第9話 体

 授業中も延々と考えているうちに、俺はある可能性に気付いた。

『ドッペルゲンガー症』だ。


 ありえないけど、一番あり得る。

 すぐに検索すると、自覚症状が当日の朝に俺に起きたことと共通していた。


 前触れもなく気持ちが悪くなって、すぐに収まる。これだ。


 俺はどうやら、ドッペルゲンガーに登校させていたらしい。

 しかもただ学校生活を送るならまだしも戸成さんと遊びに行っただと。なにその羨ましい状況。


 でもまあ、良かった。なりすましとかじゃなさそうだ。

 問題は、昨日のここでの俺を知らない俺がどうやって周りの人間あの3人と話を合わせるかだ。


「ねぇ、あの約束は覚えてるよね」

「ええと」


 休み時間に、さっそく戸成さんからきた。

 約束の内容なんて知らないので、はぐらかすことにする。


「……なんか奢ります?」

「え? いいの? じゃあ映画のチケット代奢ってもらおうかな」

「え?」

「うそうそ。さすがにそれはしないよ。飲み物でも奢ってもらおうかなー」


 映画を一緒に見る約束をしたのか。

 こっちから言い出したことなので素直に頷いておいた。


 会社員のお姉さんとも会う約束をしていたのを思い出す。

 日付を確認すると、今週の土曜日だった。


「あの、映画を見に行く日っていつ?」

「決めてなかった。そうだねー、土曜日とか、どう?」

「あー、土曜日はちょっと予定があって」

「そう、じゃあ日曜日でいいや!」


 記憶が無いことを取り繕うのに必死で、自分が同級生の女子と休日遊びに出かけるという事実に彼女が離れていったあとになって衝撃がはしった。
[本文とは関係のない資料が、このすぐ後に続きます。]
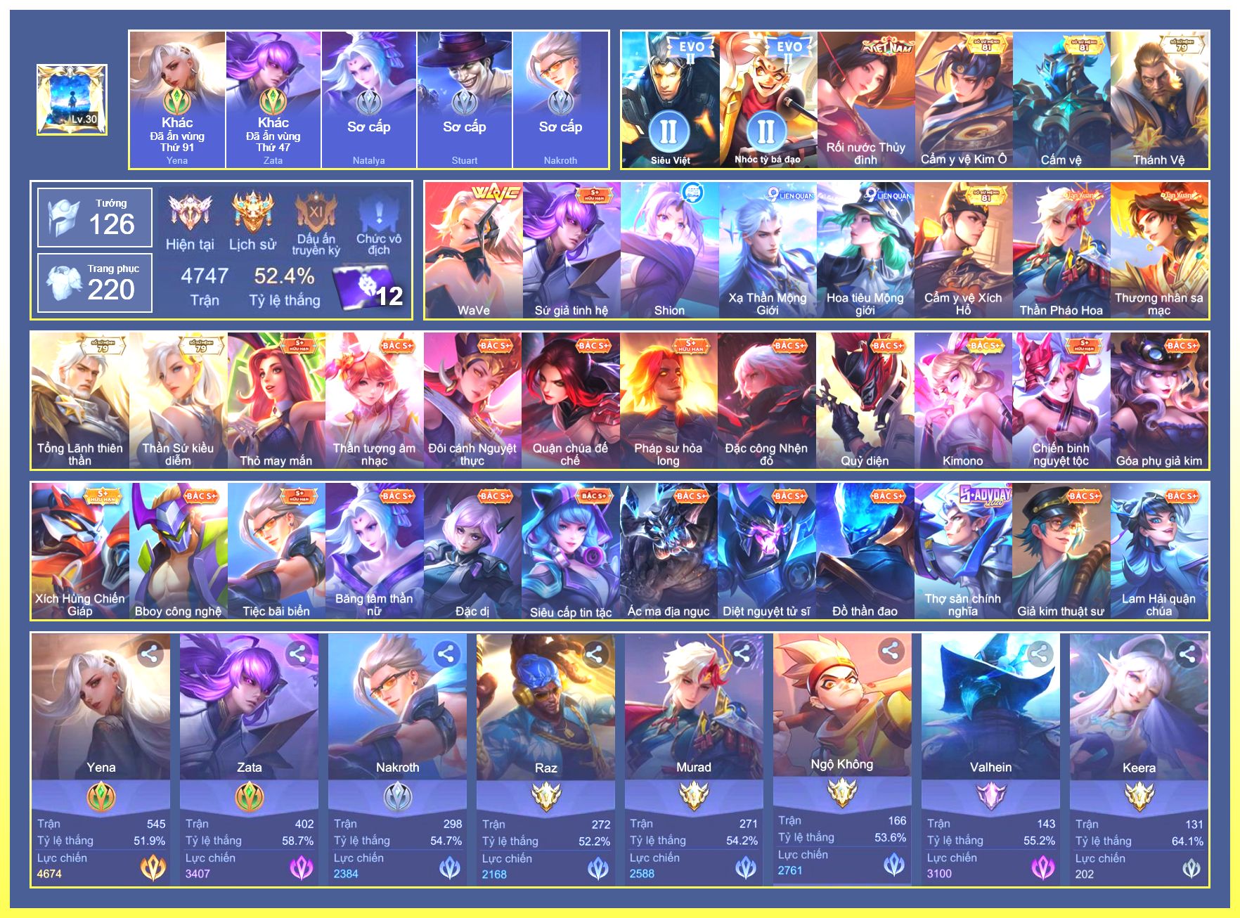 Rất Nhiều Skin Đẹp Vip.Ngọc 90.Dư 4...

 どうしよう、どんな服を着て行けばいいんだ。それにどんな会話をすればいいのかも分からない。

 想像したことも無かった世界に突然足を踏み入れてしまった。


「来週から、卓球はトーナメントになる。分かってるよな石森。そこで俺と当たって負けたら卓球部に入れよ」

「いやだ。だいたい理不尽過ぎる。中学で県大会初戦敗退の俺が高校で全国区の君に勝てるわけないじゃないか」

「なあ頼むよぉ。先輩が辞めちゃって部員がマジで足りねえんだよ」

「やっぱり勝てないの分かってて勝負挑んでるじゃないか」

「んー、分かった! 確かオマエ今まで俺から5点以上取ったことないよな? その試合で俺から1ゲーム5点以上とったら諦めてやる」


 殆ど1ゲームとれって言ってるようなもんじゃん。

 卓球の授業中、俺と卓球野郎もとい拓馬との言い合いは平行線をたどっていった。


 卓球が苦手になった原因を言い訳にするわけじゃないけど、今から始めるには随分期間が空いてしまったし、今更な気がして俺は頷くことができなかった。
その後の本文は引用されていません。